=== Begin Enclosure ===

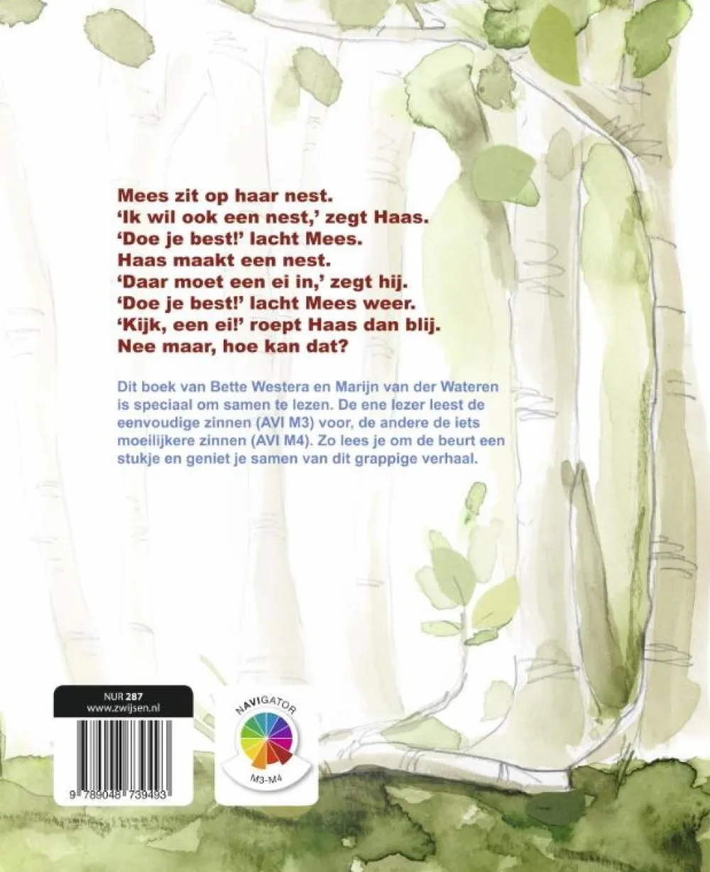 Dit gezellige samenleesboek op AVI M3 en M4 is speciaal voor beginnende lezers. Je leest het verhaal over Haas en zijn nest met een ei samen. De één leest de eenvoudige tekst op AVI M3 voor, de ander leest de iets moeilijkere tekst op AVI M4 voor.
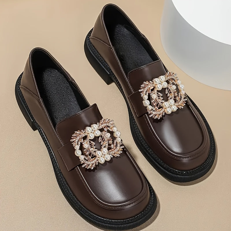 Effortless comfort meets feminine detail in these women's brown slip-on loafers. Designed for everyday wear, they feature a pearl flower buckle, a cushioned microfiber insole and a non-slip thick PVC sole for steady steps and all-day comfort.
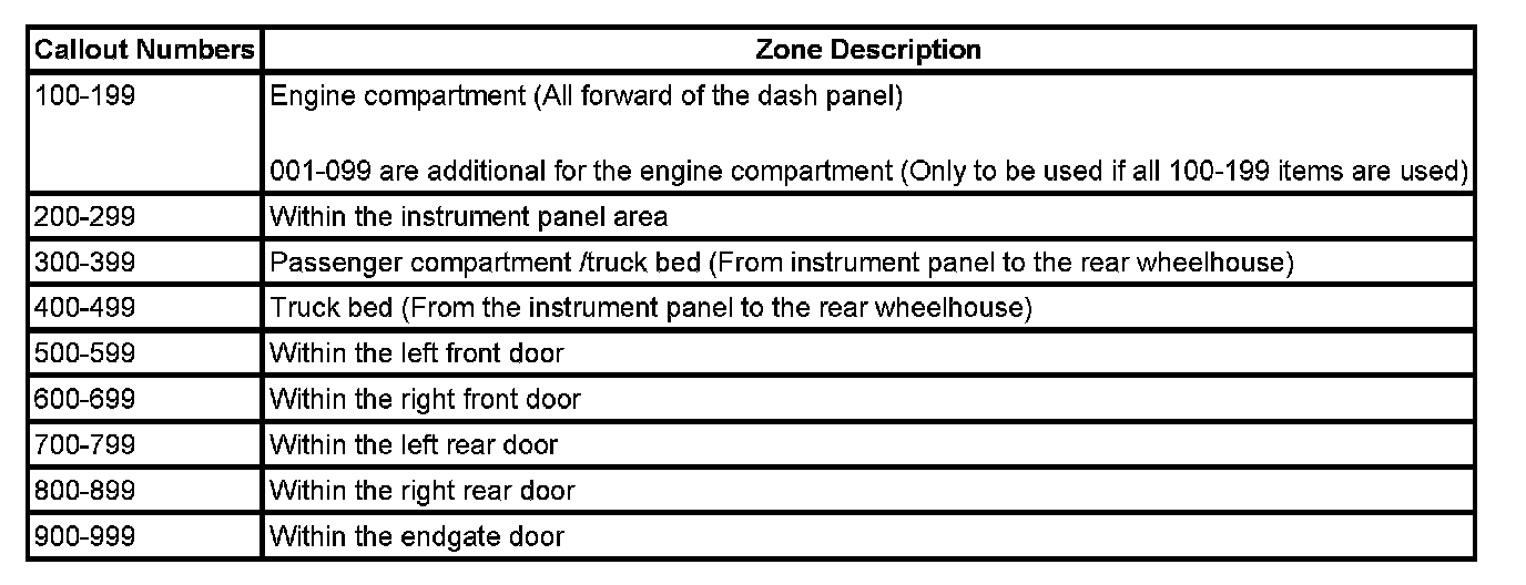 All grounds, in-line connectors, pass-through grommets, and splices have identifying numbers that corresponds to where they are located in the vehicle. The table explains the numbering system.
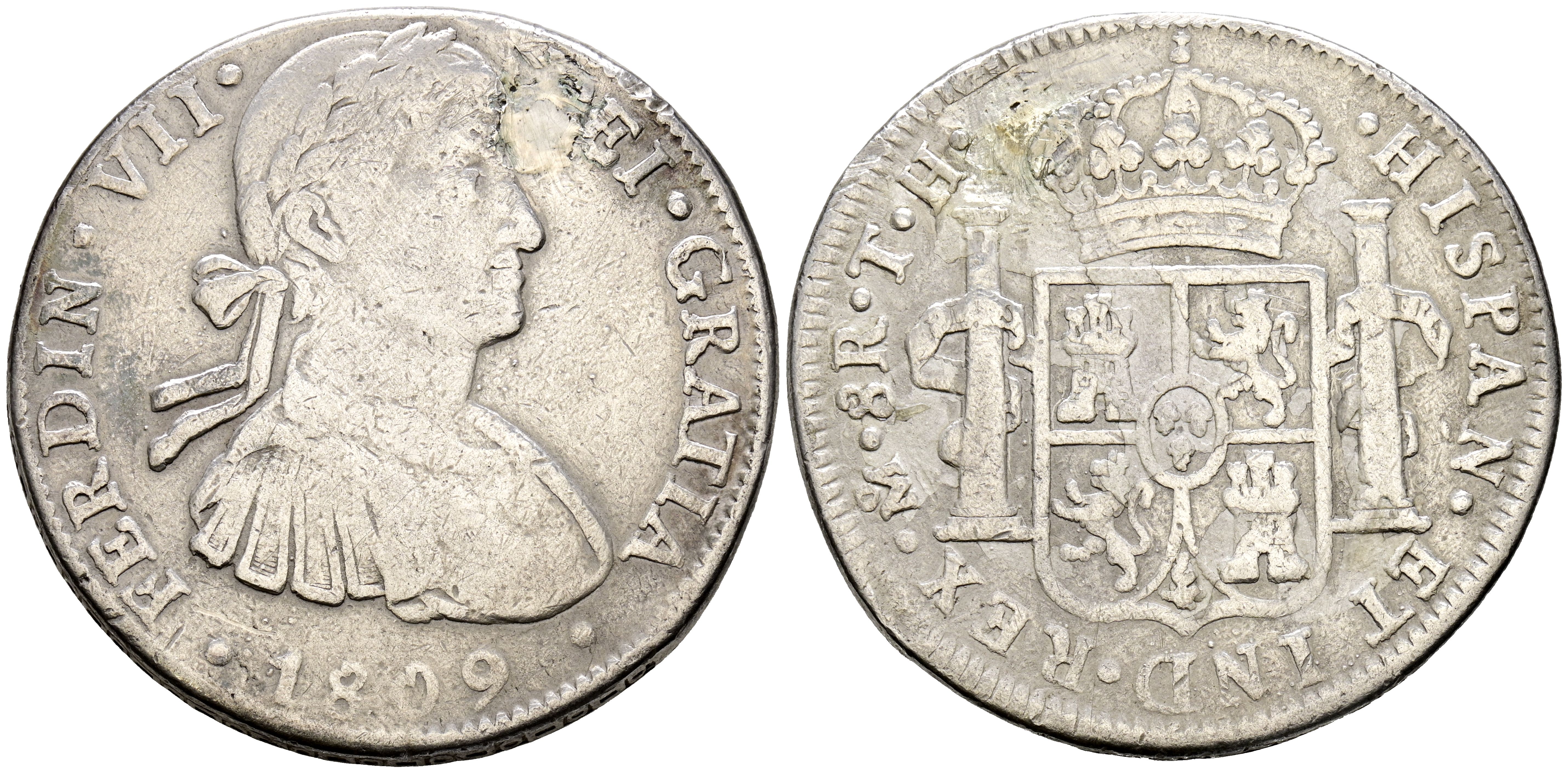 FERNANDO VII (1808-1833). 8 Reales. (Ar. 26,58g/39mm). 1809. Mexico TH. (Cal-2019-1308). Fine. Hole covered. Used as a jewel.
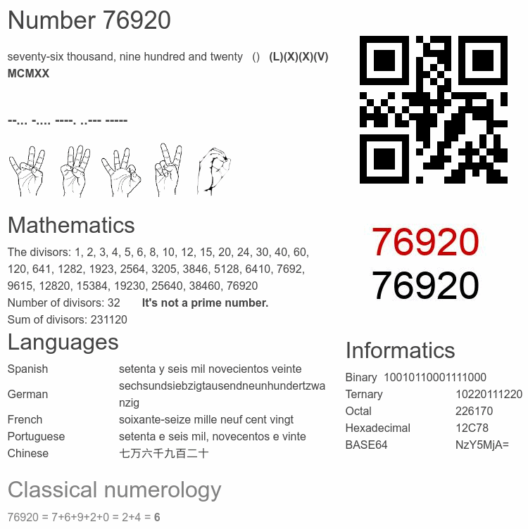 | Spanish: | 🔊 (número 76.920) | setenta y seis mil novecientos veinte |
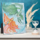 Original watercolor painting by Sandra Gale of two beautiful Siamese Fighting fish, or betta fish swimming together. Painted in cool pastel colours, these majestic fish have flowing fins that float among water bubbles while they duel and play.
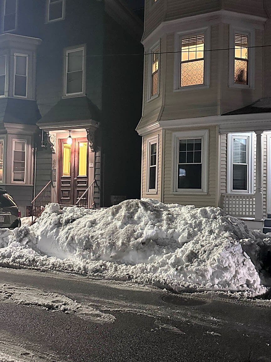 72 Hancock St, Dorchester, Ma, 02125Please arrange for the removal of the snowbank in front of these homes, as it is creating parking difficulties and restricting access for cars and buses on the street.
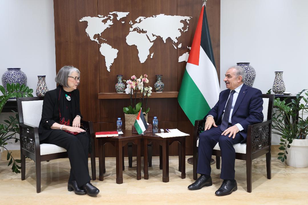 رام الله 13-2-2024 وفا- بحث رئيس الوزراء محمد اشتية، اليوم الثلاثاء، مع رئيسة الاتحاد الدولي لجمعيات الصليب الأحمر والهلال الأحمر، كيت فوربس، تعزيز الجهود الإغاثية لتخفيف تداعيات عدوان الاحتلال وحرب الإبادة على شعبنا.
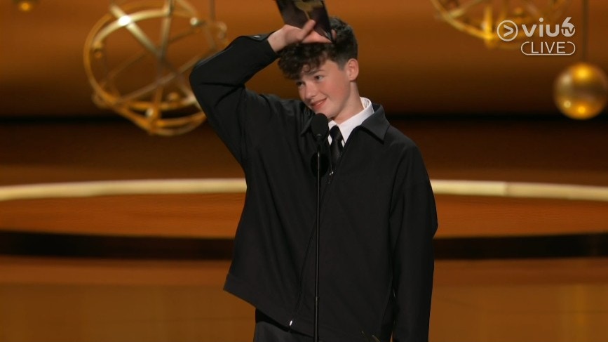 Netflix話題劇集《混沌少年時》少年男主角Owen Cooper奪得艾美獎「迷你劇或選集或電影最佳男配角獎」。(直播截圖)
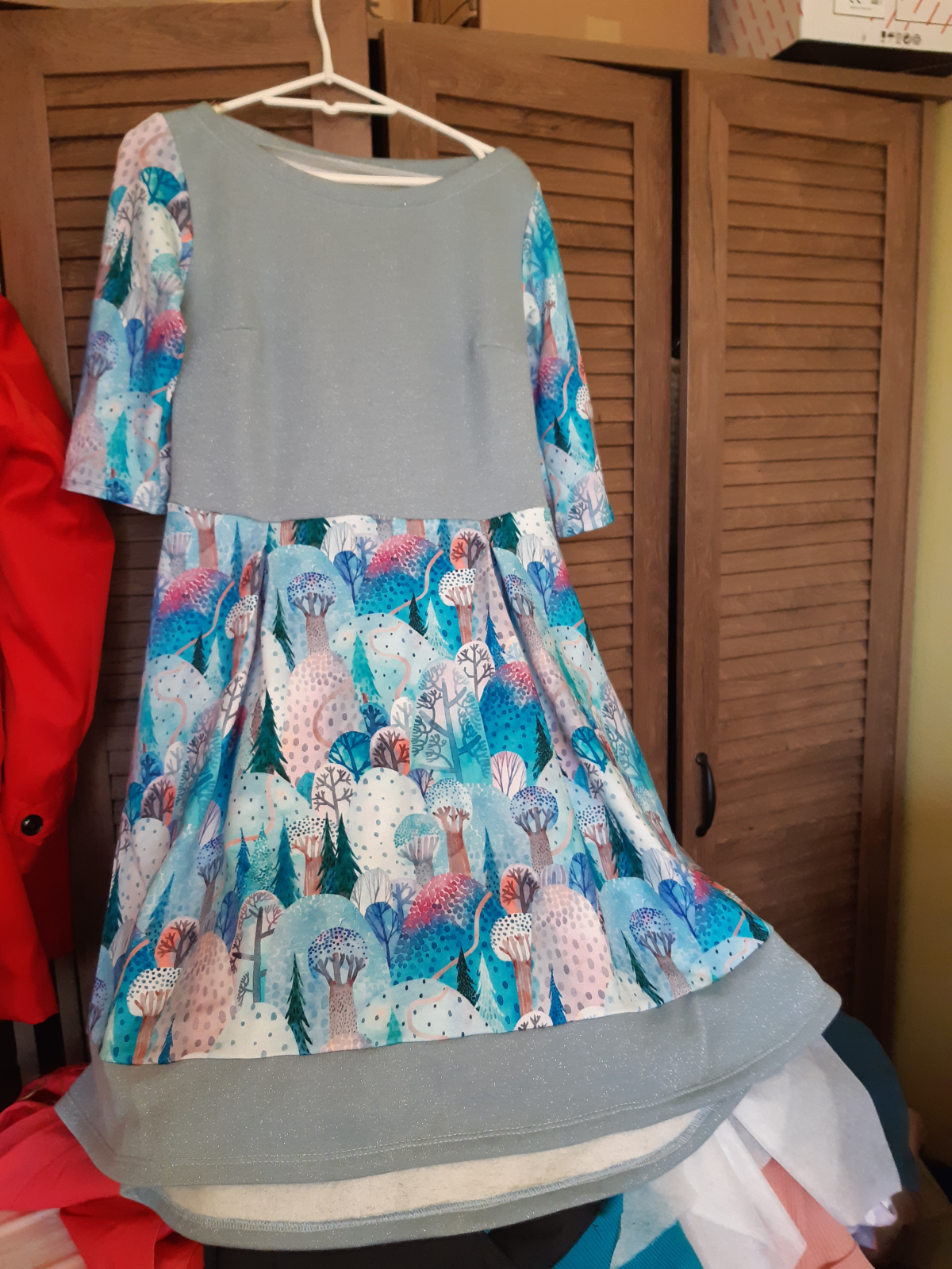 „První šaty pro maminku. Rozhodovala jsem se mezi Pavlínami a Letniny, volba padla na Pavlíny. Podle videonavodu se silo úplně fajn, i pro začátečníka jako jsem já. Už hledám vhodný vzor na šaty i pro mě a dcerku 😁“

=== End Enclosure ===

Problem: What the answer needs is every line from the one containing "رام الله 13-2-2024" through the final line of the data above, copied exactly, without pictures.

Your response:
 رام الله 13-2-2024 وفا- بحث رئيس الوزراء محمد اشتية، اليوم الثلاثاء، مع رئيسة الاتحاد الدولي لجمعيات الصليب الأحمر والهلال الأحمر، كيت فوربس، تعزيز الجهود الإغاثية لتخفيف تداعيات عدوان الاحتلال وحرب الإبادة على شعبنا.
 Netflix話題劇集《混沌少年時》少年男主角Owen Cooper奪得艾美獎「迷你劇或選集或電影最佳男配角獎」。(直播截圖)
 „První šaty pro maminku. Rozhodovala jsem se mezi Pavlínami a Letniny, volba padla na Pavlíny. Podle videonavodu se silo úplně fajn, i pro začátečníka jako jsem já. Už hledám vhodný vzor na šaty i pro mě a dcerku 😁“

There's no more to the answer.